Шесть индейцев ночевали с нами на отмели. Это были единственные люди из всего племени, которых мы увидели наутро. Остальные, по-видимому, ушли в лес, так как все лодки стояли у берега, а касик оставил нам в подарок несколько ожерелий из зубов. Двое из шести оставшихся вызвались помочь нам провести лодки вверх по реке, и я с радостью согласился. Им страшно хотелось знать, не являемся ли мы «soldados» — единственное испанское слово, которое они знали, — так как солдат они с полным основанием боялись и ненавидели. Бедный Варгас аж вспотел и умолял меня не выдавать его! На фото изображены эти двое индейских воинов. Тот, что сидит, одет в рубашку из теребленой коры, на том, что стоит, — окрашенное в красный цвет хлопчатобумажное платье.
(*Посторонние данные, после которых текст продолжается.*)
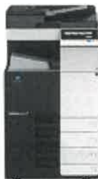
Bizhub C258.jpg 66K

Я подарил им два покрывала для защиты от полчищ кусачих мух, делающих путешествие по этой реке особенно тягостным.

На третью ночь, после того как мы покинули отмель, эти двое гуарайю исчезли, прихватив с собой винтовку Тодда и патроны к ней. Тодд был на часах, но заснул. Выражения, которые мы услышали от него, когда пропажа была обнаружена, не допускали сомнения в том, что отныне он не будет питать никакого доверия к индейцам! С запада донеслись выстрелы из винтовки, издевательски приглашавшие нас заняться преследованием. Но мы не поддались соблазну и продолжали продвигаться вверх по реке. Тодд был в бешенстве и не мог отойти еще несколько дней, так как задним числом сообразил, что с тем же успехом мог потерять свой любимый аккордеон.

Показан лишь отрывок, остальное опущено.